And so it begins…
Northrop chief warns on fight over US tanker
By Sylvia Pfeifer and Kevin Done in Farnborough
Published: July 16 2008 03:00 | Last updated: July 16 2008 03:00
Ronald Sugar, the chief executive of Northrop Grumman, the defence company that is battling with Boeing to win a contract to provide tankers to the US Air Force, has warned of "dire consequences to the transatlantic alliance" if the competition were to be influenced for protectionist reasons.
The competition between Northrop and its European partner, EADS, and Boeing for the $35bn contract to provide refuelling tankers to the USAF has attracted an unprecedented amount of political attention in recent months. Northrop and EADS originally won the contract in February, a victory some Boeing supporters warned would cost American jobs.
The two saw their victory dramatically overturned last week as the US Department of Defence decided to re-open the competition after Boeing complained about the process of the initial competition.
The decision came after a damning report by the General Accountability Office, an arm of Congress, which said it agreed with Boeing that there had been flaws in the process used to choose Northrop and EADS.

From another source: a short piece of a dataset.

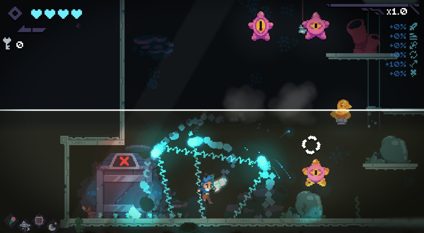 Стрельба двумя джойстиками, рывки и скольжение по стенам — это только начало. Находите бонусы и предметы при каждом забеге и улучшайте свой арсенал.

"There will be dire consequences to transatlantic alliance if this decision is reversed on political grounds because it would basically send a chilling signal in terms of our relationship with our most trusted Allies that we do have to fight together with in the future," Mr Sugar said in an interview with the Financial Times at the Farnborough International Airshow.
"All major US defence and aerospace companies fully support international trade and global access to technology. We have one strange anomaly here where for the purpose of this programme you have an argument being made for the purposes of protectionism. But even the companies involved, even our adversary here, is extraordinarily supportive of international trade - they have to be, they built half of the 787 out of the US," he added.
According to Mr Sugar, much of the political noise surrounding the competition was due to "a handful of political people who are more concerned about work in their state".
"The bizarreness of this is that [the Northrop/EADS proposal] will create 48,000 new jobs in the US and we are an American company," he added.
Speaking separately at the Farnborough show, Jim McNerney, chief executive of Boeing, insisted that protectionism had had nothing to do with the company's protest. Its protest had been based on the process. "This is a technical issue for us. I have worked hard to get our employees to focus on the issue in this way," he said.
Mr McNerney said the company's protest could risk its working relationship with the USAF, although this was its first objection to a procurement process, whereas Boeing's rivals had filed at least 28 protests in the last decade.